Auth is a trap. Not because it's technically hard — it isn't, anymore — but because it feels like a decision that matters, so teams debate it. Meanwhile the clock is running.
Here's the framework I use: pick based on what your project actually needs in the next 24 hours, not what it might need in six months.
The Three Hackathon Auth Scenarios
Scenario A: You need users, but users aren't the point
Your project is about the feature — a CV analyzer, a route optimizer, a damage estimator. Users need to log in to save their work, but the auth itself isn't a selling point.
Use: Supabase Auth with Google OAuth.
Setup time: ~20 minutes. You get sessions, user records, and row-level security for free. Add @supabase/ssr, set your Google OAuth credentials, copy the callback route. You're done.
npm install @supabase/ssr @supabase/supabase-jsScenario B: You need email/password with your own UX
Maybe your judges are going to judge the login screen. Maybe your brand requires it. Maybe you just want full control.
Use: Supabase Auth with email/password + a custom form.
You write the form, Supabase handles the rest. Still no JWT implementation, no password hashing logic on your end.
Scenario C: You don't actually need auth
This one gets ignored too often. If your hackathon project is a data visualization, a generative tool, a calculator, or anything that doesn't need to persist user-specific state — skip auth entirely.
It sounds obvious. But I've seen teams spend two hours building a login flow for a project that didn't need one. Your demo doesn't need a user account. The judges aren't going to create accounts. Ship without it.
The 10-Minute Decision Tree
- Does your project need to save user-specific data across sessions? → Yes: go auth. No: skip it.
- Do you have more than 20 minutes to spend on auth? → Yes: Supabase. No: skip it.
- Is the .edu email check a feature you want to show? → Yes: Supabase, it auto-detects .edu.
The Supabase Setup Cheatsheet
1. Create project at supabase.com
2. Enable Google provider: Supabase dashboard → Authentication → Providers → Google → Enable → paste Google Cloud credentials
3. Install and configure:
// src/lib/supabase/client.ts
import { createBrowserClient } from "@supabase/ssr"
export const createClient = () => createBrowserClient( process.env.NEXT_PUBLIC_SUPABASE_URL!, process.env.NEXT_PUBLIC_SUPABASE_ANON_KEY! )
4. Add the callback route at /auth/callback — Supabase's docs have a one-page version you can copy verbatim.
5. Add middleware to refresh sessions on every request.

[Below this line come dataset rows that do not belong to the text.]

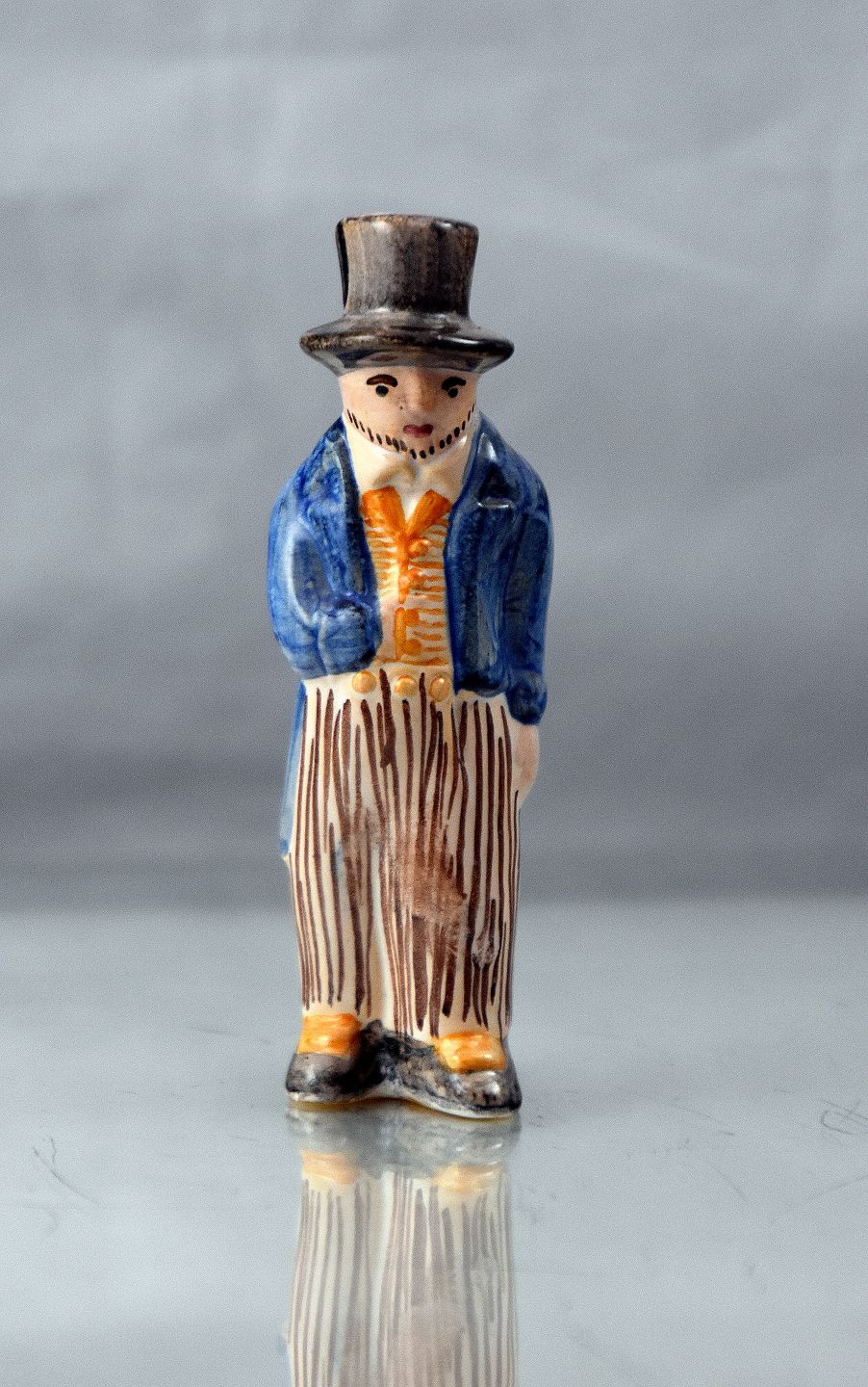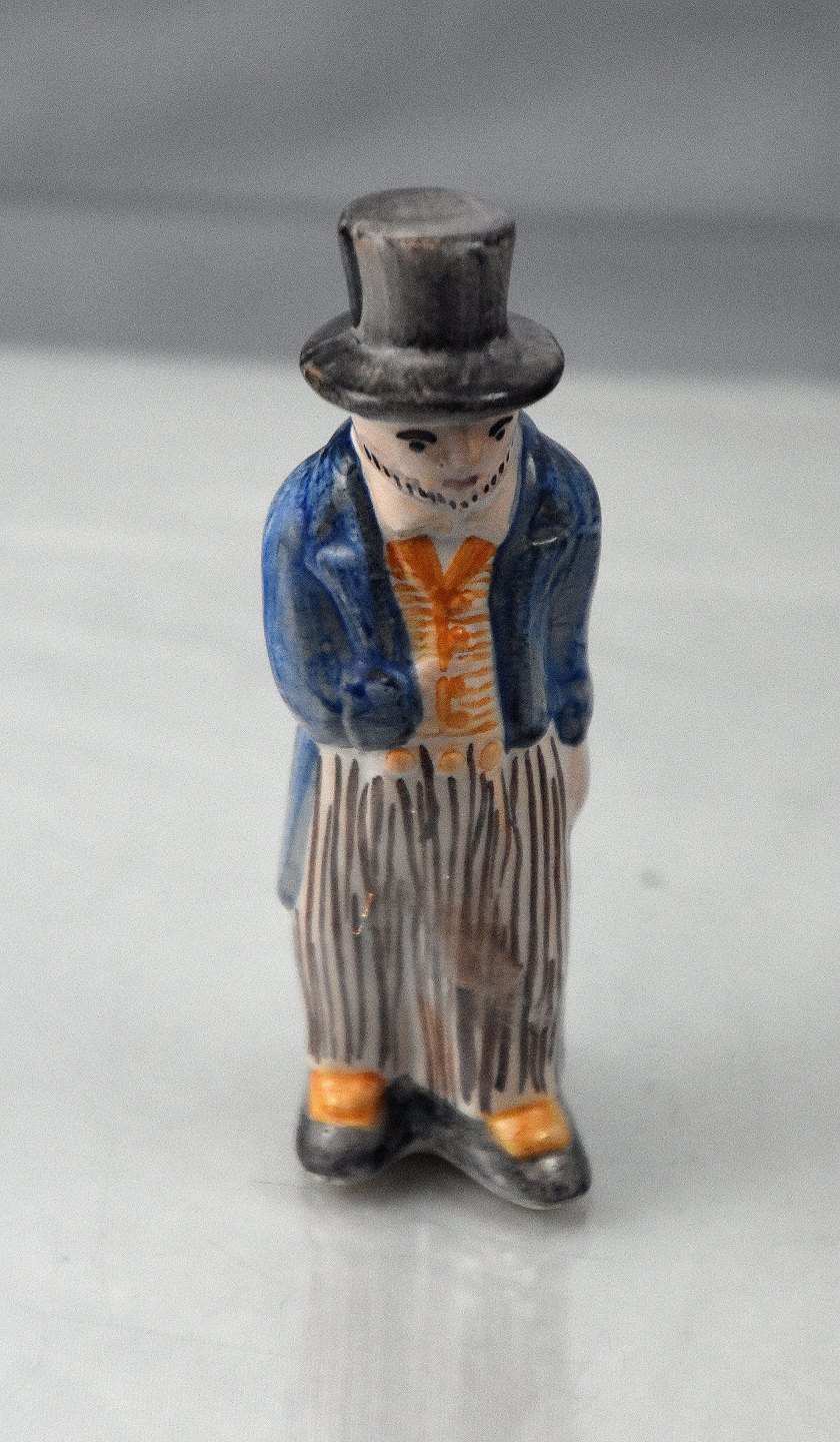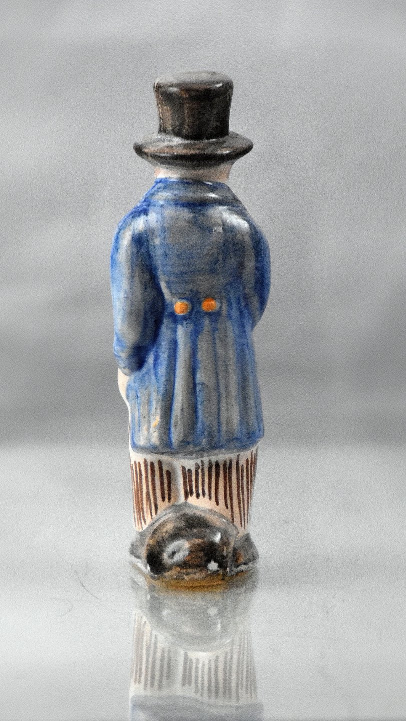 Figur i glaseret keramik med motiv af mand i bornholmsk egnsdragt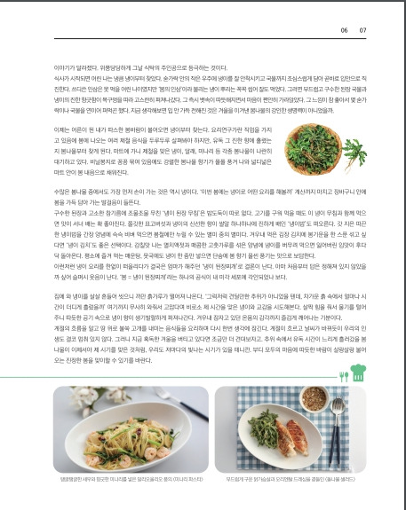 이제는 어른이 된 내가 따스한 봄바람이 불어오면 냉이부터 찾는다. 요리연구가란 직업을 가지고 있음에 봄에 나오는 여러 제철 음식을 두루두루 살펴봐야 하지만, 유독 그 진한 향에 홀렸는지 봄나물부터 찾게 된다. 마트에 가니 제철을 맞은 냉이, 달래, 미나리 등 각종 봄나물이 나란히 대기하고 있다. 비닐봉지로 꽁꽁 묶여 있음에도 강렬한 봄나물 향기가 폴폴 풍겨 나와 넓디넓은 마트 안이 봄 내음으로 채워진다.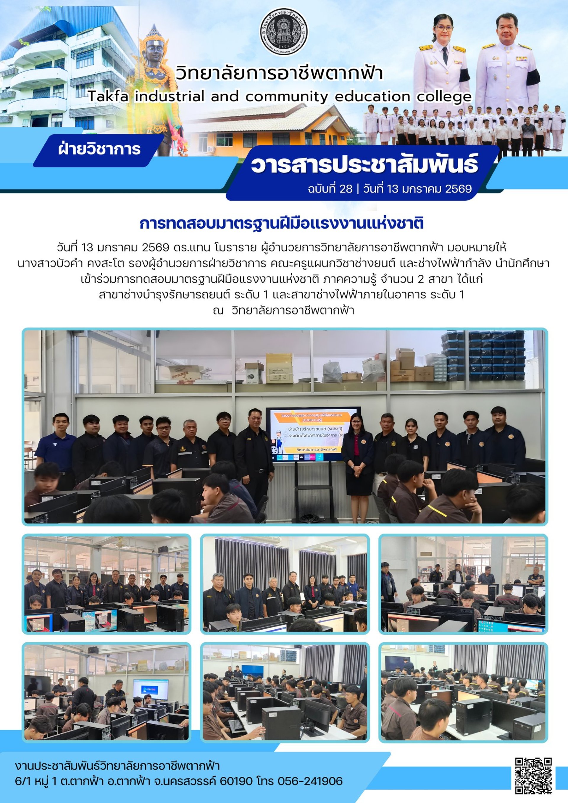 วันที่ 13 มกราคม 2569 ดร.แทน โมราราย ผู้อำนวยการวิทยาลัยการอาชีพตากฟ้า มอบหมายให้ นางสาวบัวคำ คงสะโต รองผู้อำนวยการฝ่ายวิชาการ คณะครูแผนกวิชาช่างยนต์ และช่างไฟฟ้ากำลัง นำนักศึกษา เข้าร่วมการทดสอบมาตรฐานฝีมือแรงงานแห่งชาติ ภาคความรู้ จำนวน 2 สาขา ได้แก่ สาขาช่างบำรุงรักษารถยนต์ ระดับ 1 และสาขาช่างไฟฟ้าภายในอาคาร ระดับ 1 ณ วิทยาลัยการอาชีพตากฟ้า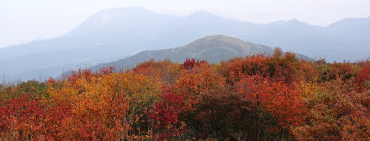 金ヶ谷山の分岐付近からの紅葉の風景 |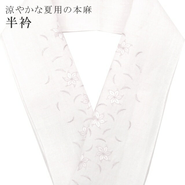 夏用 半衿 半襟 本麻 麻 盛夏 刺繍 ししゅう 7月 8月 無地 日本製 特選 白 sin6370-kbob12 【新品】【着物ひととき】 【メール便可能】

Total time with a reference implementation: 15–20 minutes. That's the budget. If it's taking longer, you're overthinking it.
The Common Mistakes
Mistake 1: Building auth before the core feature. Always prove the core idea works first — even with a hardcoded user — then add auth.
Mistake 2: Custom JWT implementation. Never. Not in 24 hours. Not ever in a hackathon context.
Mistake 3: Spending time on "forgot password." Judges don't lose their password in the demo. Cut it.
Mistake 4: Not testing the OAuth redirect on production. The Google OAuth client ID needs your production domain as an authorized redirect URI. Add both localhost and your Vercel URL before you deploy.
Auth is a commodity now. The goal is to pick a solution and move. The component library on Codefest.ai has direct links to the reference implementations for each approach — setup time estimates included.
Don't let auth be the reason your project doesn't exist.